Substitution vs. layering#
Fix 3 partially substitutes for Fixes 1 and 2 by removing MCP from scoped operations entirely. Fix 4 is the structural answer: the context tax exists because retrieval lives in the agent loop. Move retrieval out and the tax disappears.
The fix you choose is really a statement about how you treat the agent's context window. Fixes 1 and 2 say "keep MCP, pay less." Fix 3 says "use the right tool per workload." Fix 4 says "stop paying schema rent for retrieval at all."
For the underlying budget math, the P8 token-budget autopsy walks through the full accounting. For why MCP alone doesn't solve context loss, see MCP isn't a context strategy.
FAQ#
How many tokens does the GitHub MCP server actually use?#
Two independent 2026 measurements bracket it: Nebulagg recorded ~42,000 tokens in tool definitions (dev.to/nebulagg, 2026); Piotr Hajdas measured 55,000 across 93 tool definitions on a slightly later release (dev.to/piotr_hajdas, 2026). Plan for 42K to 55K, paid on every turn until you intervene.
Does Claude Code's tool-search subagent work for the GitHub MCP?#
Yes, and it's the highest-ROI single fix. Joe Njenga's measurement showed main-thread tokens dropping from 51K to 8.5K (46.9%) on a GitHub-MCP-heavy workload (Joe Njenga, Medium, 2026). The mechanism is documented in the Claude Code sub-agents reference (Anthropic, 2026).
Can I just remove the GitHub MCP and use gh instead?#
For scoped operations, yes. Scalekit's 2026 benchmark put monthly cost at $3.20 for CLI vs $55.20 for MCP at 10,000 ops on Sonnet 4 (Scalekit, 2026). The trade-off: you lose cross-tool composition. Most teams end up using both, with allow-listing on the MCP side. See the MCP vs CLI decision rubric.
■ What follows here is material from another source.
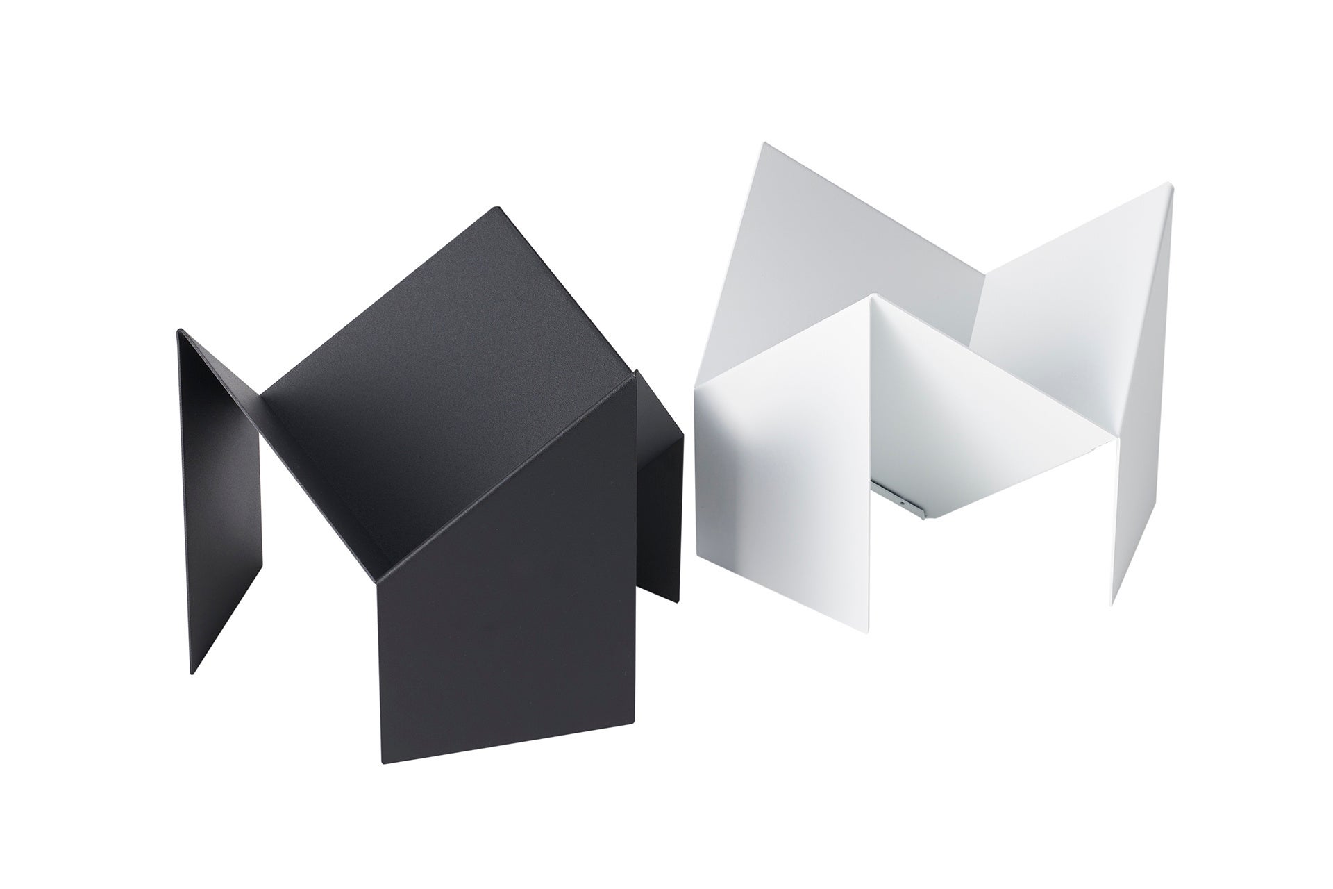 新製品【 3/6(スリーシックス)】は、同じ形に折り曲げたスチール製の板材を3 枚組み合わせることで生まれた、シンプルでありながら存在感のあるブックスタンドです。
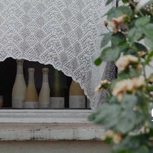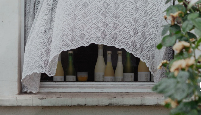 第一瓶是「青茶萃梅」。随着明亮的酒液汩汩流出,清爽的青梅香弥散开来,以甜为主线,紧实的果酸相辅,佐着一点点绿茶的鲜爽,让刚吃过蜜糖夹心薄烤饼的嘴巴立马变得清爽起来。

Is the official GitHub MCP server the only option?#
No. Several community MCP servers expose smaller subsets of the GitHub API at much lower token cost. The 42K number applies specifically to the official server with its full tool surface. Allow-listing reduces it without switching servers, and is usually the simpler path.
What about the GitHub Copilot extension? Does it have the same problem?#
The Copilot extension is a different surface that doesn't expose MCP-style schema preloads inside the Claude Code agent loop, so it doesn't levy the same context tax. The trade-off is reduced flexibility: you can't compose Copilot operations the way you can with MCP tools. Different tool, different shape, different cost profile.
Choose your fix#
If you take one action this week, enable Claude Code 2.0's tool-search subagent and audit your mcp.json for allow-listing. Together, those two changes typically cut GitHub MCP context tax by 90%+ with no prompt rewrites. Verify the drop on Claude Code's cost endpoint, before and after.
Within the month, pick one workflow, PR review automation is a good candidate, and run it through the gh CLI instead of MCP. Compare cost, latency, and reliability. If it wins on all three, expand the pattern.
Quarterly, ask the bigger question: how much of the GitHub MCP's job is actually retrieval the agent could consult instead of fetch? If the answer is "most of it", evaluate whether on-demand retrieval via a context layer architecture fits your stack. The fixes above buy you breathing room. Moving retrieval out of the loop is the structural answer to the context tax.